EXERCISE INPUT:
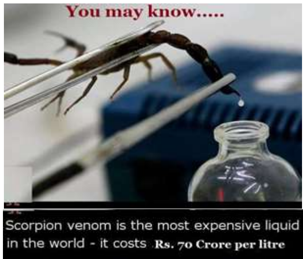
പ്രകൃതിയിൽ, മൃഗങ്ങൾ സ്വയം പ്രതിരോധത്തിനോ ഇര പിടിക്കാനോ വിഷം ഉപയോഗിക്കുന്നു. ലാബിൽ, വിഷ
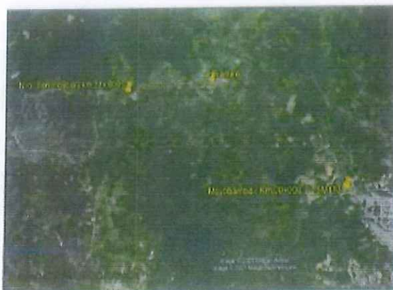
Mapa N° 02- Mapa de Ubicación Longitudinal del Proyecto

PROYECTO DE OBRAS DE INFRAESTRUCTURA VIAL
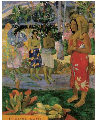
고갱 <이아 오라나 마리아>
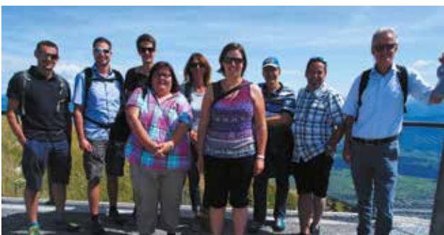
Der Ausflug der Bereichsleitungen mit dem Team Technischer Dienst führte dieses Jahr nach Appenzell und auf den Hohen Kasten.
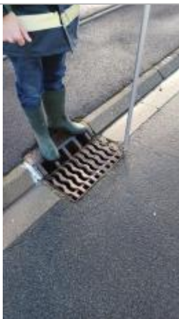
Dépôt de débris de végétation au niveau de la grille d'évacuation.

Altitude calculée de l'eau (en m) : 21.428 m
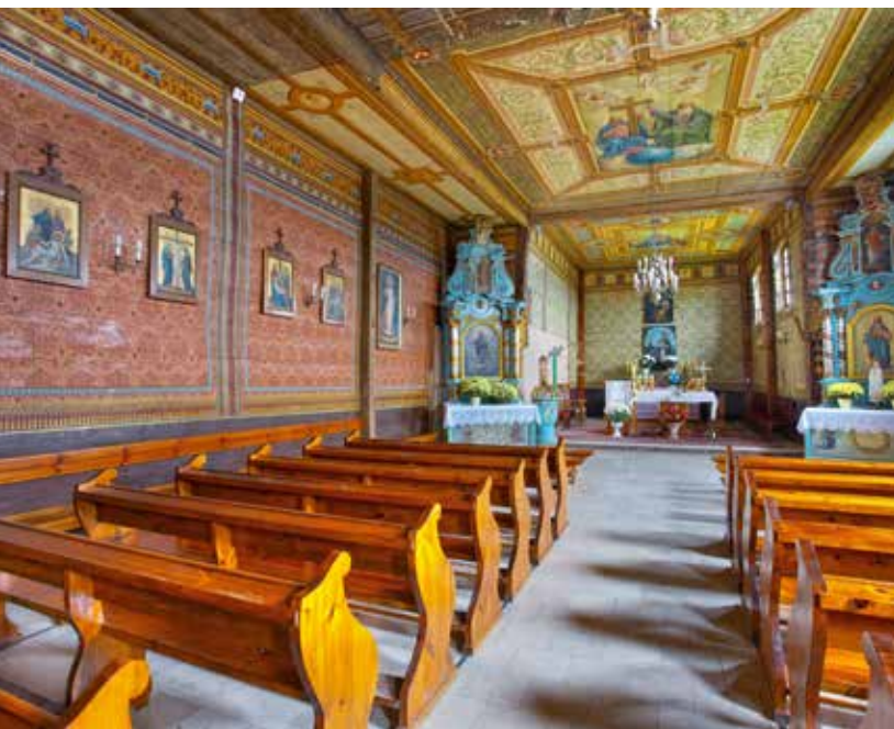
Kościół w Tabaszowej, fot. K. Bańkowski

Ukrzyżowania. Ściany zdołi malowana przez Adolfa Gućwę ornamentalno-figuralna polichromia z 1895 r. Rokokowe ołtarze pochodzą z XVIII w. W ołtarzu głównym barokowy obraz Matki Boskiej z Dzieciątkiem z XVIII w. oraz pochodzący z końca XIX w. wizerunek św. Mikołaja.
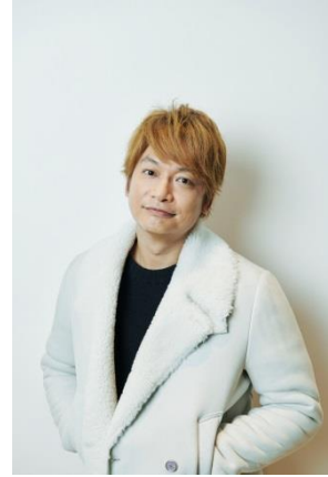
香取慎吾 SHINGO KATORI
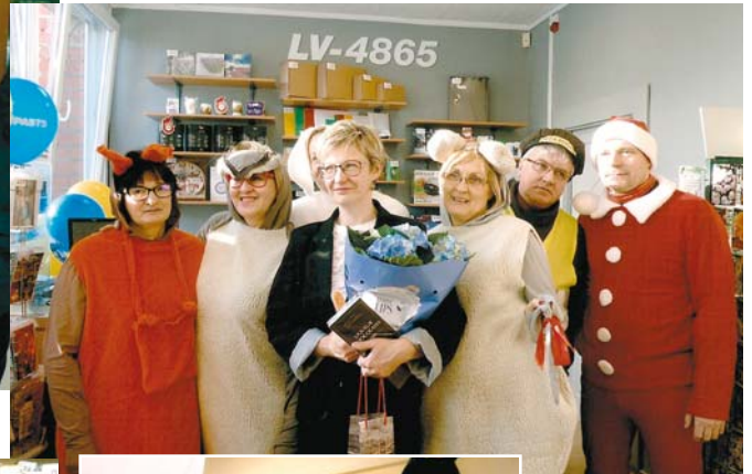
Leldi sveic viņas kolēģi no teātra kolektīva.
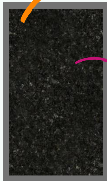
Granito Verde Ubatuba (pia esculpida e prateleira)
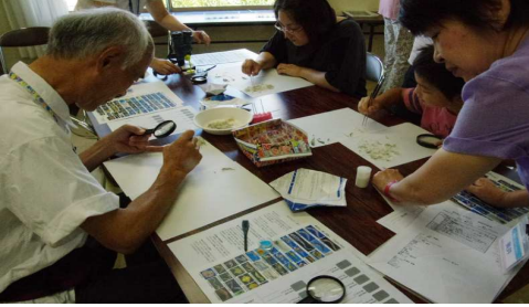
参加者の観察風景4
...
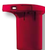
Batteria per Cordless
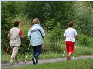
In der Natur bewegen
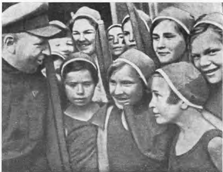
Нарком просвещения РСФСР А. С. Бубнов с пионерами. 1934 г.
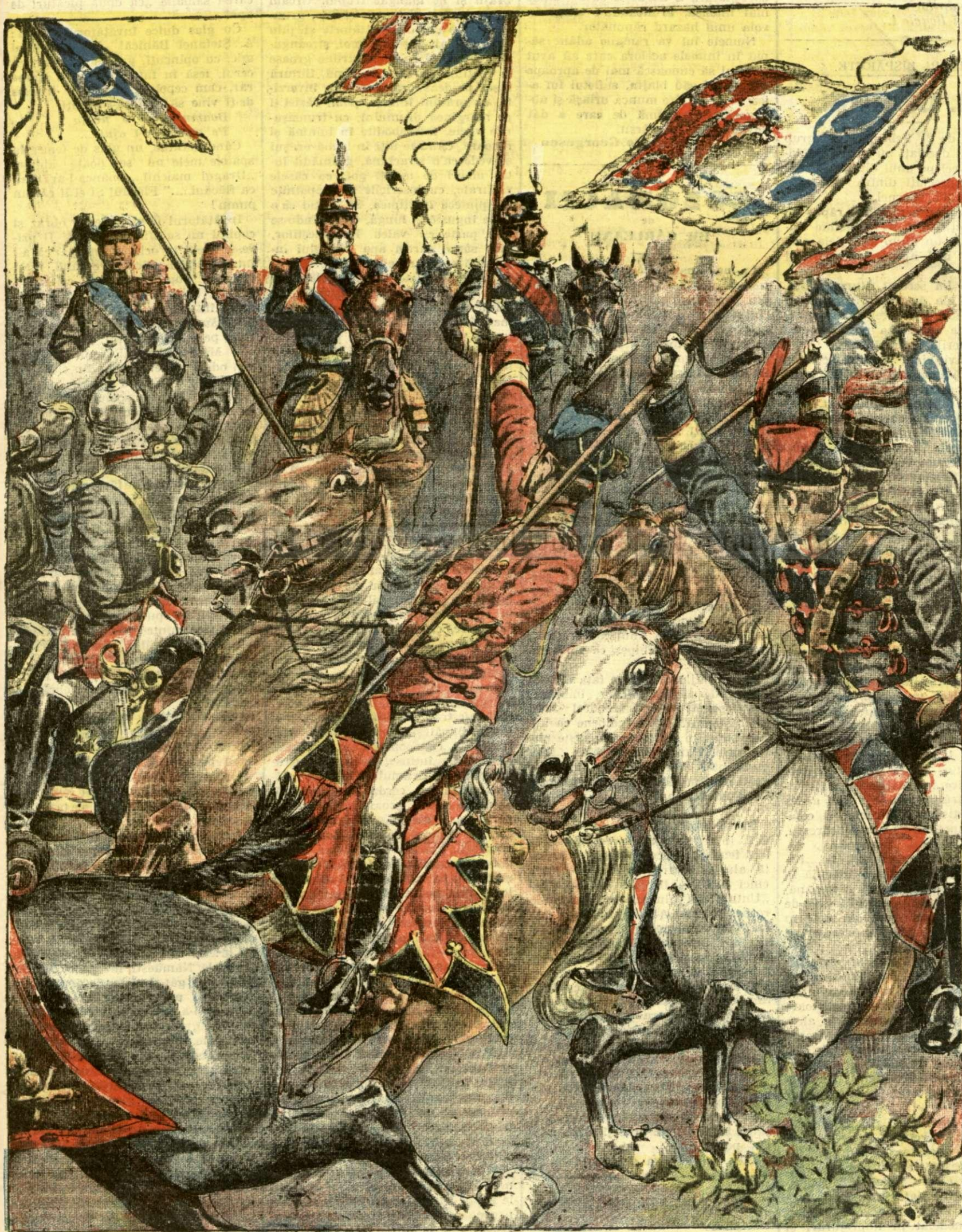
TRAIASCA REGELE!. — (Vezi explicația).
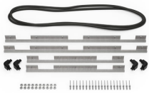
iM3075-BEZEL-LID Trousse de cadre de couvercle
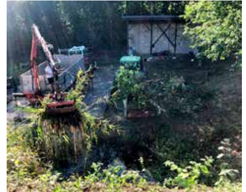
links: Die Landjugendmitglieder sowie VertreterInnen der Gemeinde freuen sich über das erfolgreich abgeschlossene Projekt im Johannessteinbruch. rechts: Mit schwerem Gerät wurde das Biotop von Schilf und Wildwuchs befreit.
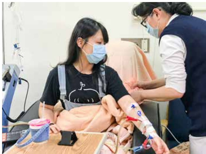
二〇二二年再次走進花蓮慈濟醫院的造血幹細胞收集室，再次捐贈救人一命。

AIM OF THE TASK:
Among the records above, locate the line containing "iM3075-BEZEL-LID Trousse de" and the line containing "二〇二二年再次走進花蓮慈濟醫院的造血幹細胞收集室，再次捐贈救人一命。", then transcribe exactly the lines starting at the first and ending at the second, with no pictures.

YOUR SOLUTION:
iM3075-BEZEL-LID Trousse de cadre de couvercle
links: Die Landjugendmitglieder sowie VertreterInnen der Gemeinde freuen sich über das erfolgreich abgeschlossene Projekt im Johannessteinbruch. rechts: Mit schwerem Gerät wurde das Biotop von Schilf und Wildwuchs befreit.
二〇二二年再次走進花蓮慈濟醫院的造血幹細胞收集室，再次捐贈救人一命。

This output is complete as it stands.